Inoltre, il motore centrale garantisce un baricentro più centrale, rendendo la bicicletta più facile da controllare. Poiché le city bike in genere hanno un solo portapacchi, sono meno adatte ai tour più lunghi e più indicate per brevi spostamenti in città.
Chi ama il fuoristrada dovrebbe optare per una e-mountain bike . Il suo design semplice ma efficiente permette di affrontare comodamente le salite grazie al motore centrale. In discesa, il design garantisce un elevato livello di sicurezza.
Gli pneumatici delle e-mountain bike presentano in genere un battistrada relativamente aggressivo, che garantisce una buona aderenza. Un'ulteriore distinzione si fa tra e-full-suspension (bici a sospensione completa) ed e-hardtail. Queste ultime sono adatte solo a terreni pianeggianti, mentre le bici a sospensione completa possono affrontare facilmente percorsi collinari.
La e-trekking bike rappresenta un buon compromesso tra una bici per l'uso quotidiano e una compagna sportiva per i tour più lunghi. Con una bici del genere, sulla quale si assume una posizione distesa simile a quella di una mountain bike, è possibile coprire facilmente distanze maggiori.
Tuttavia, grazie al portapacchi e alle luci, le bici da trekking sono adatte anche all'uso urbano. Il motore centrale garantisce un controllo ottimale anche in questo contesto, e la maggiore coppia sulla ruota posteriore – simile a quella di un motore nel mozzo posteriore – facilita la salita.
Sono disponibili biciclette a pedalata assistita (pedelec) o a pedalata assistita (S-pedelec) con motore centrale o nel mozzo posteriore, sia per donne che per uomini. Inoltre, esistono biciclette unisex, utilizzabili da entrambi i sessi.
Ad esempio, il classico sistema di cambio a deragliatore, che utilizza pignoni, deragliatori e ingranaggi, è ancora ampiamente utilizzato nelle pedelec o S-pedelec con motore nel mozzo posteriore o motore centrale.
Grazie alla sua elevata precisione, la trasmissione consente un numero relativamente alto di rapporti, il che si rivela particolarmente vantaggioso in combinazione con un motore centrale. Ciò permette di sfruttare appieno la potenza del motore.
La combinazione di un sistema di cambio a deragliatore e un motore centrale è particolarmente adatta ai ciclisti più esigenti, soprattutto a coloro che affrontano percorsi montuosi. Tuttavia, uno svantaggio è che i sistemi di cambio a deragliatore richiedono una manutenzione maggiore rispetto ad altri tipi di cambio.

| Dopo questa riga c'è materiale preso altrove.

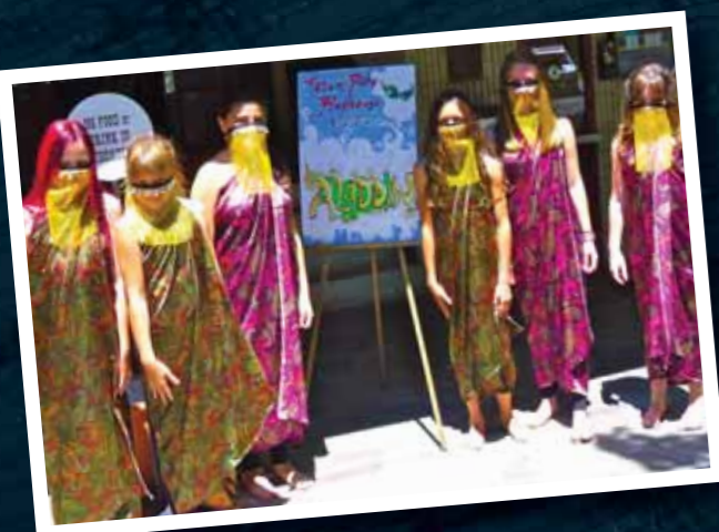
2011 Theatre Campers

Al contrario, il sistema di cambio al mozzo, che utilizza un ingranaggio epicicloidale, garantisce un elevato livello di comfort per l'utente. È persino possibile cambiare marcia senza pedalare. Tuttavia, questo design, se abbinato a un motore centrale, raggiunge rapidamente i suoi limiti o può addirittura rompersi completamente.

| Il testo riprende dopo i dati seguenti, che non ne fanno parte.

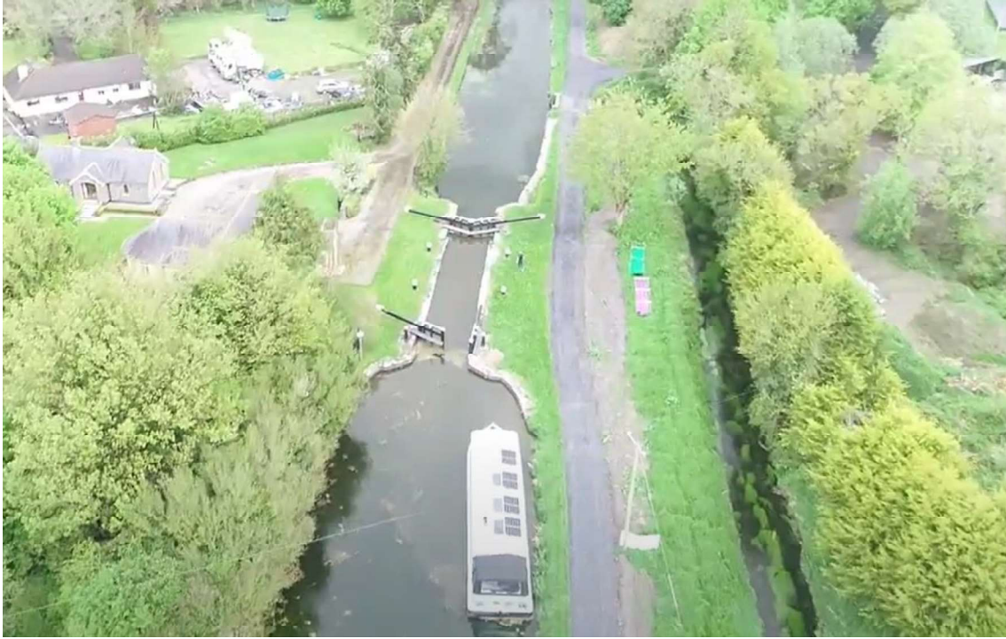
Works at Lock 15

Pertanto, le e-bike con motore centrale e cambio al mozzo non sono generalmente potenti quanto altri modelli. Sono ideali per l'utilizzo su terreni pianeggianti e in città, ma meno adatte alle zone montuose.
Se il motore elettrico di una e-bike è un motore centrale, la trasmissione agisce direttamente sulla catena della bicicletta. Il motore elettrico stesso trasmette l'assistenza alla pedelec in modo particolarmente naturale, offrendo così una sensazione molto simile a quella di pedalare su una normale bicicletta senza motore elettrico.
Questo è solo uno dei tanti motivi per cui sempre più ciclisti scelgono una pedelec o una S-pedelec con motore centrale. Tuttavia, prima dell'acquisto, è consigliabile confrontare diversi modelli presso un buon rivenditore specializzato in e-bike.